Big Pharma’s reputation has been down in the dumps for years, after a series of scandals involving Medicare fraud, improper payments to doctors and poorly tested drugs that damaged health. Recently, the opioid epidemic and high charges for both new and old medicines have further alienated the public. Political pressure was mounting in the US, the most profitable market.

Covid-19 changed all that. Since January 2020, the share of the US public that has a positive view of the sector has nearly doubled from 32 to 62 per cent, the highest since the survey began in 2003, says Rob Jekielek, managing director at The Harris Poll. And 56 per cent in the UK told The Association of the British Pharmaceutical Industry in January that their view of pharma had improved during coronavirus.

Line chart of Industry reputation trend (% with a positive reputation*) showing Pharma are heroes - at the moment

Drug companies, previously seen as avaricious, anonymous corporations, were revealed to be full of responsible, hardworking scientists. Russia distributed jabs that weren’t fully tested, and western regulators allowed drugmakers to use shorter “emergency” approval procedures.

Yet the big companies opted not to take all the shortcuts. Last autumn, the nine biggest makers agreed not to release jabs without large clinical trials.

Eli Lilly chief executive David Ricks says the sector has a “once in a generation opportunity to reset” its reputation. Some of the worst problems have already been addressed: since 2013, companies have had to disclose payments to US doctors and more clinical trial data is being released, although databases remain incomplete.

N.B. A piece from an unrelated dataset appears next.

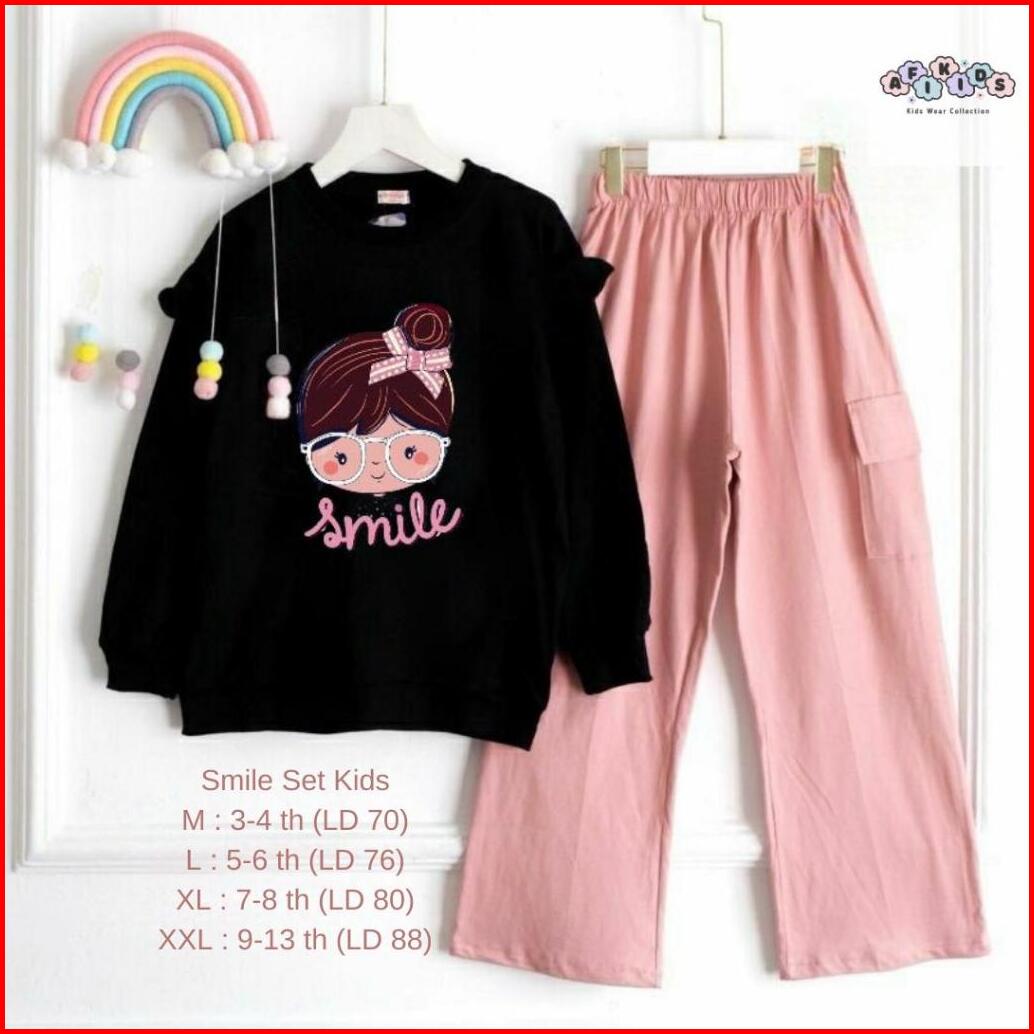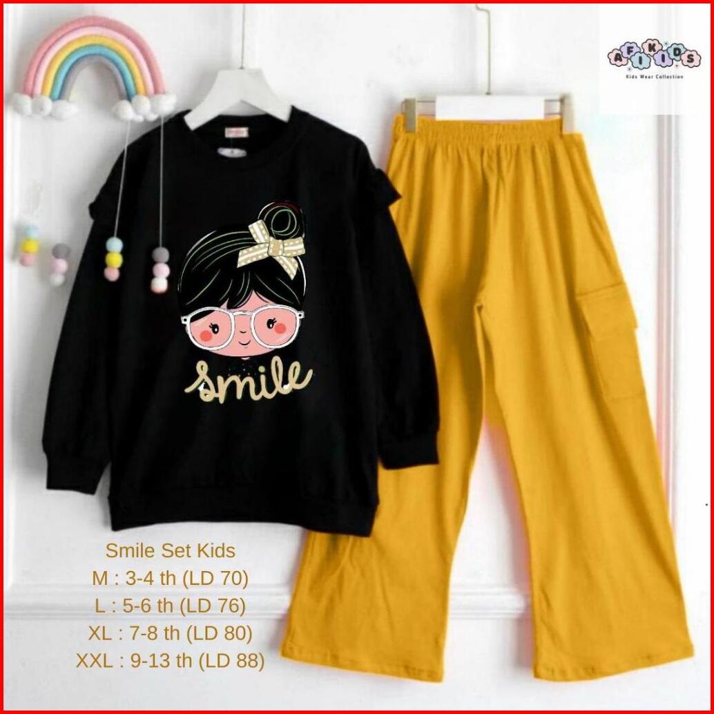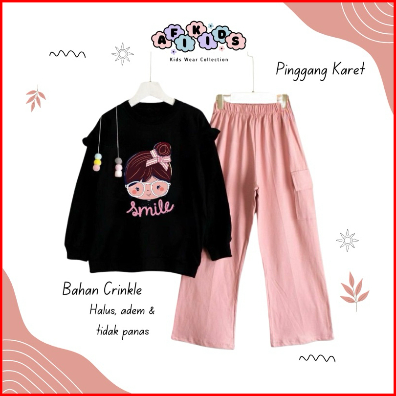 Smile Set Kids 3thn-13thn Celana Cargo Crinkle Printing Setelan Smile One Set Anak Remaja Setelan Anak Kekinian Setelan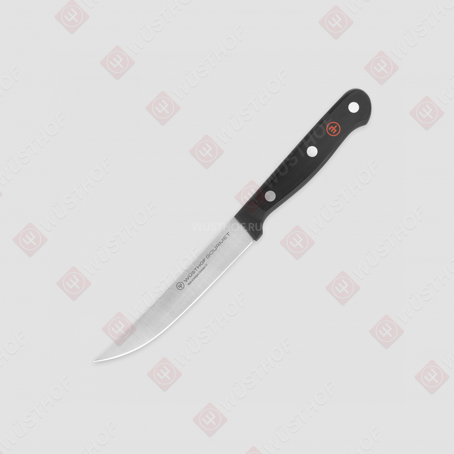 Клинки ножей серии Gourmet имеют двухстороннюю симметричную заточку режущей кромки, закаленной до 58 единиц по шкале Роквелла. Лезвия для ножей Gourmet изготавливаются из цельных кусков прокатной стали с помощью новейших лазерных технологий.

Some companies are even applying public relations muscle to increase wider understanding. Pfizer paid National Geographic to come into its labs and follow the vaccine development process, resulting in online content and a video that aired last week in the US. Johnson & Johnson’s social media video series about its search for a jab has drawn 90m views in 100 countries, with more episodes planned.

But there are significant risks for the sector if it appears to be trying to cash in on the goodwill. “We know the world is closely watching how . . . we move forward as an industry after the pandemic is over,” says Stephen Ubl, president of the US industry group PhRMA.

AstraZeneca insists there is no evidence that its jab increases the risk of blood clots, and the EU drugs regulator says the benefits outweigh the risks. Still, the furore is a harbinger of problems. Any side-effects are frightening because they involve healthy people becoming sick. Yet, because these are unavoidable, many countries have compensation programmes for those who are harmed.

The rapid development and rollout of the Covid-19 jabs means there has been less chance to find and prepare the public for side-effects, and the AstraZeneca suspensions show just how quickly opinion can shift. Though drugmakers took only partial advantage of the looser Covid rules, if vaccine side-effects prove severe, the end result could be even tougher scrutiny of new products and higher costs.

Nor can the industry wave off complaints about pricing and access. If anything they could become worse if vaccine makers appear to profit from the pandemic after receiving government support.

AstraZeneca and Johnson & Johnson have promised not to profit from their jabs “during the pandemic”. Yet Pfizer said last month that it expected to sell $15bn of its Covid vaccine this year, with profit margins in the “high 20s” as a percentage of revenues. The company notes that under its tiered pricing strategy, low-income countries pay a non-profit price. But the rollout to poorer countries has been slow.

If the pharma companies are seen to favour those who can pay higher prices, that would reinvigorate the debate over the pricing of other medicines. Already, US campaigners are demanding an antitrust investigation of rising prices in the insulin market. “We should now be holding pharma companies to a higher bar because they’ve shown us what they can do,” says Olivia Webb, a health policy analyst at the American Economic Liberties Project.